**Problem details**
Set down each record that follows exactly. Drop the images.

::: Input for this task

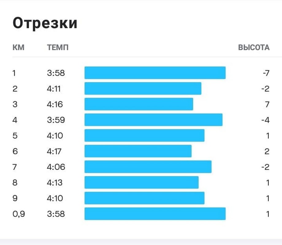 Через 800 посмотрел на часы — 3.48 — слишком быстро, испугался, что перегорю и завалю концовку. Стал притормаживать себя и следующие метров 600 шёл горячий внутренний диалог. Что делать? Бежалось легко и хорошо, но так всегда на старте. Решил пока сильно не замедляться и посмотреть на ощущения после предстоящего тягуна. Бегу как бегу, плевать на план тк уже треть дистанции прошёл. На шестом километре в горку бежал тяжело, прокралась мысль » Ага, а я говорил, завалишь всё. Зачем так быстро начал.» Но горка закончилась и пологий спуск выдул эти мысли прочь. Часы пропищали, что 6 км я пробежал в темпе 4.09. Ой-ой-ой. Оставалось 4 км. Побежал стараясь не смотреть на часы, дабы не вспугнуть. К 8 км опять тягун — тяжело. Оставалось 2 км и пришло время терпеть. Чтобы отвлечь себя стал прикидывать финишное время. Считать на 9 км получалось плохо, но выходило 42.30. С математикой на высоком пульсе тяжело и я ошибшся в подсчетах. Но результат меня устраивал меня более чем. Последние метров 50 уже бежал так быстро как мог в попытке выиграть секунду. Часы прожужжали финиш. Посмотрел время — 41.18.6 Такого я не ожидал. Сбросил 4 минуты с предыдущего забега 2018. Отличный результат для этого года, который в первую очередь стал возможен благодаря разумной и взвешенной подготовке. Тренировка по плану безусловно сделала своё дело.
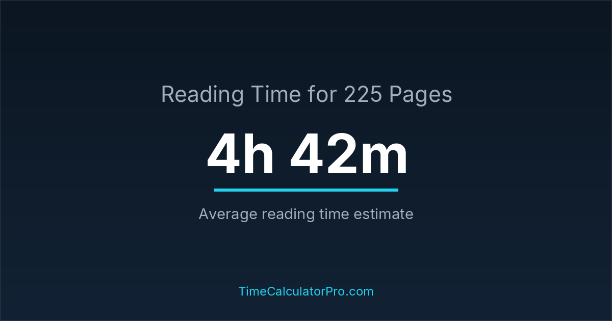 The average reading time for 225 pages is about 4 hours and 42 minutes, but this can change depending on the difficulty of the text.
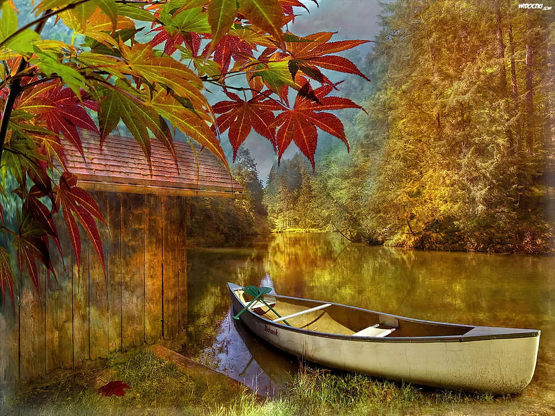 Zdjęcia, Jezioro, Łódka, Liście, Malarstwo
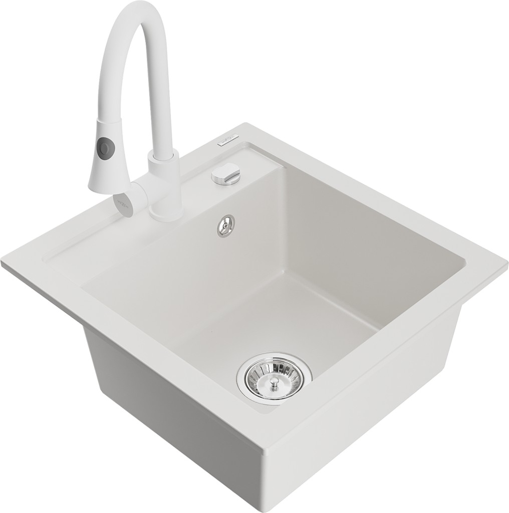 Technické dáta: drez: Rozmer: 520 x 490 x 210 mm Hĺbka komory: 200 mm Rozmery komory: 410x360 mm Priemer odtoku: ø90 mm Typ: 1-komorový Typ: Zapustené do pracovnej dosky biela farba Povrchová úprava sifónu: Chrome Materiál: žula (80% žulové kamenivo, 20% živice) Prepadový otvor: Áno Otvory: (batérie, automatické) 2 Vysoká odolnosť proti poškriabaniu a zmene farby Odolnosť proti tepelným šokom Ľahko čistiteľný povrch Jeden dodatočný vyfrézovaný otvor na samodierovanie ø35 kuchynská batéria: Materiál: mosadz biela farba Hlava: Keramická Prevzdušňovač: Áno Typ: Jedna páka Výška batérie: 380 mm Rozsah výtoku: 252 mm Typ výtoku: Výsuvný(GT) Ean: 5905315027771
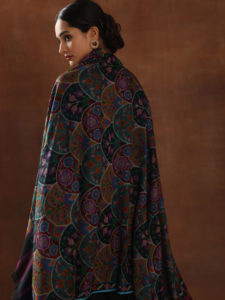 Busaat-e-Gul Kani Weave Wool Shawl - Saffron, Beige
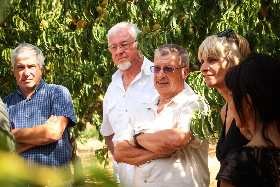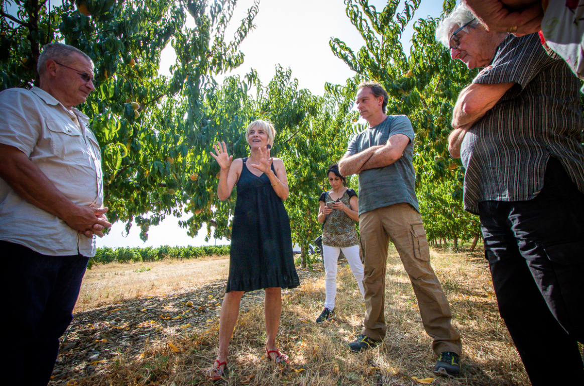 La viticulture et l'arboriculture : deux piliers de l'agriculture audoise qui doivent aujourd'hui faire face à la crise provoquée par la pandémie de covid-19. Jeudi, accompagnée notamment du président de la chambre d'agriculture de l'Aude Philippe Vergnes et des conseillers départementaux Christian Lapalu et Dominique Godefroid Hélène Vergnes a rencontré les acteurs d'un projet liant tourisme et agriculture au hameau du Somail, auquel participe Laurent Ratia, arboriculteur.
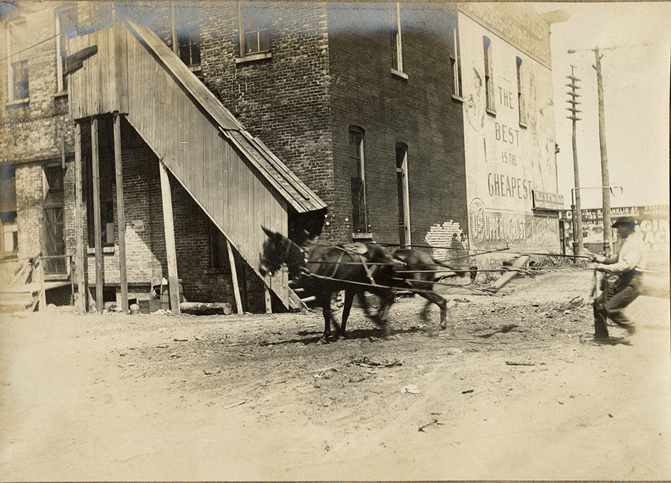 Favorite this☆ Man holding two horses by reins after flood, Saginaw, Michigan Description: View of a man trying to control two horses in town after the 1904 flood in Saginaw, Michigan. Brick building with wooden staircase in background. Brick wall sign on right. Details Resource ID: bh024839 Subject: Floods--Michigan--Saginaw Flood damage--Michigan--Saginaw Horses--Michigan--Saginaw Staircases--Michigan--Saginaw Photographic prints Date Issued: 1904 Format: 1 photographic print mounted on stock ; image 4.5 x 6.5 in. Member of: Burton Historical Collection Filing Location: M/Localities-Saginaw-Flood, 1904 Note (Content): Part of an album of 18 photographs, depicting the aftermath of the "Great Flood of Saginaw" in 1904. Rights: Physical rights are retained by DPL. Copyright is retained in accordance with U.S. copyright laws.
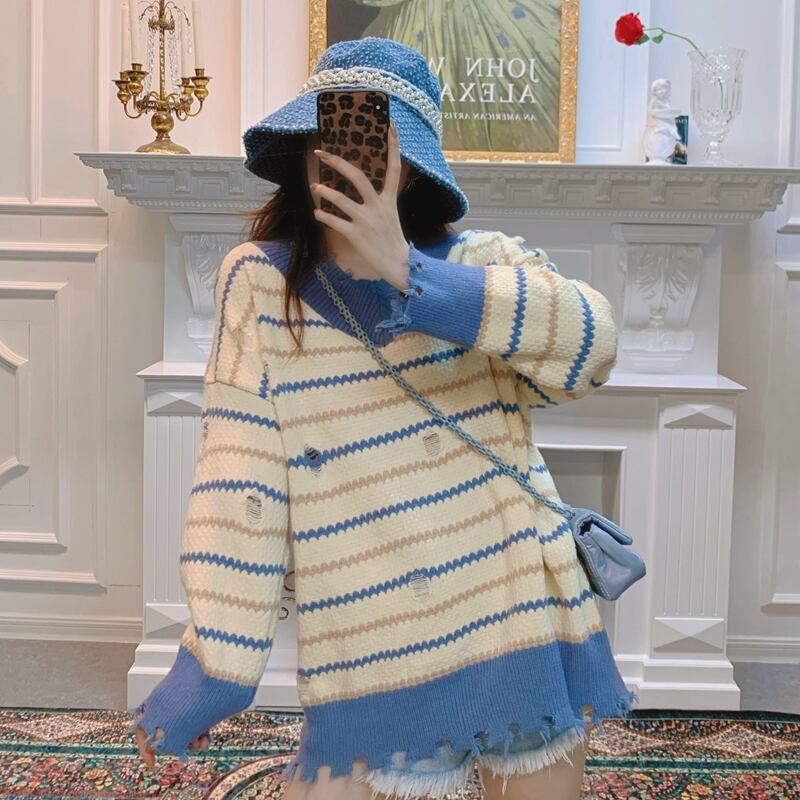 ニット セーター 長袖 ボーダー柄 切りっぱなし カジュアル ゆったり ビッグサイズ お出かけ 秋
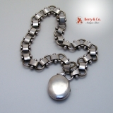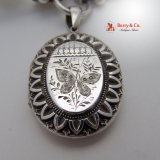 Antique English Victorian Silver Book Chain Necklace And Locket Pendant

::::::

**Your response**
 Через 800 посмотрел на часы — 3.48 — слишком быстро, испугался, что перегорю и завалю концовку. Стал притормаживать себя и следующие метров 600 шёл горячий внутренний диалог. Что делать? Бежалось легко и хорошо, но так всегда на старте. Решил пока сильно не замедляться и посмотреть на ощущения после предстоящего тягуна. Бегу как бегу, плевать на план тк уже треть дистанции прошёл. На шестом километре в горку бежал тяжело, прокралась мысль » Ага, а я говорил, завалишь всё. Зачем так быстро начал.» Но горка закончилась и пологий спуск выдул эти мысли прочь. Часы пропищали, что 6 км я пробежал в темпе 4.09. Ой-ой-ой. Оставалось 4 км. Побежал стараясь не смотреть на часы, дабы не вспугнуть. К 8 км опять тягун — тяжело. Оставалось 2 км и пришло время терпеть. Чтобы отвлечь себя стал прикидывать финишное время. Считать на 9 км получалось плохо, но выходило 42.30. С математикой на высоком пульсе тяжело и я ошибшся в подсчетах. Но результат меня устраивал меня более чем. Последние метров 50 уже бежал так быстро как мог в попытке выиграть секунду. Часы прожужжали финиш. Посмотрел время — 41.18.6 Такого я не ожидал. Сбросил 4 минуты с предыдущего забега 2018. Отличный результат для этого года, который в первую очередь стал возможен благодаря разумной и взвешенной подготовке. Тренировка по плану безусловно сделала своё дело.
 The average reading time for 225 pages is about 4 hours and 42 minutes, but this can change depending on the difficulty of the text.
 Zdjęcia, Jezioro, Łódka, Liście, Malarstwo
 Technické dáta: drez: Rozmer: 520 x 490 x 210 mm Hĺbka komory: 200 mm Rozmery komory: 410x360 mm Priemer odtoku: ø90 mm Typ: 1-komorový Typ: Zapustené do pracovnej dosky biela farba Povrchová úprava sifónu: Chrome Materiál: žula (80% žulové kamenivo, 20% živice) Prepadový otvor: Áno Otvory: (batérie, automatické) 2 Vysoká odolnosť proti poškriabaniu a zmene farby Odolnosť proti tepelným šokom Ľahko čistiteľný povrch Jeden dodatočný vyfrézovaný otvor na samodierovanie ø35 kuchynská batéria: Materiál: mosadz biela farba Hlava: Keramická Prevzdušňovač: Áno Typ: Jedna páka Výška batérie: 380 mm Rozsah výtoku: 252 mm Typ výtoku: Výsuvný(GT) Ean: 5905315027771
 Busaat-e-Gul Kani Weave Wool Shawl - Saffron, Beige
 La viticulture et l'arboriculture : deux piliers de l'agriculture audoise qui doivent aujourd'hui faire face à la crise provoquée par la pandémie de covid-19. Jeudi, accompagnée notamment du président de la chambre d'agriculture de l'Aude Philippe Vergnes et des conseillers départementaux Christian Lapalu et Dominique Godefroid Hélène Vergnes a rencontré les acteurs d'un projet liant tourisme et agriculture au hameau du Somail, auquel participe Laurent Ratia, arboriculteur.
 Favorite this☆ Man holding two horses by reins after flood, Saginaw, Michigan Description: View of a man trying to control two horses in town after the 1904 flood in Saginaw, Michigan. Brick building with wooden staircase in background. Brick wall sign on right. Details Resource ID: bh024839 Subject: Floods--Michigan--Saginaw Flood damage--Michigan--Saginaw Horses--Michigan--Saginaw Staircases--Michigan--Saginaw Photographic prints Date Issued: 1904 Format: 1 photographic print mounted on stock ; image 4.5 x 6.5 in. Member of: Burton Historical Collection Filing Location: M/Localities-Saginaw-Flood, 1904 Note (Content): Part of an album of 18 photographs, depicting the aftermath of the "Great Flood of Saginaw" in 1904. Rights: Physical rights are retained by DPL. Copyright is retained in accordance with U.S. copyright laws.
 ニット セーター 長袖 ボーダー柄 切りっぱなし カジュアル ゆったり ビッグサイズ お出かけ 秋
 Antique English Victorian Silver Book Chain Necklace And Locket Pendant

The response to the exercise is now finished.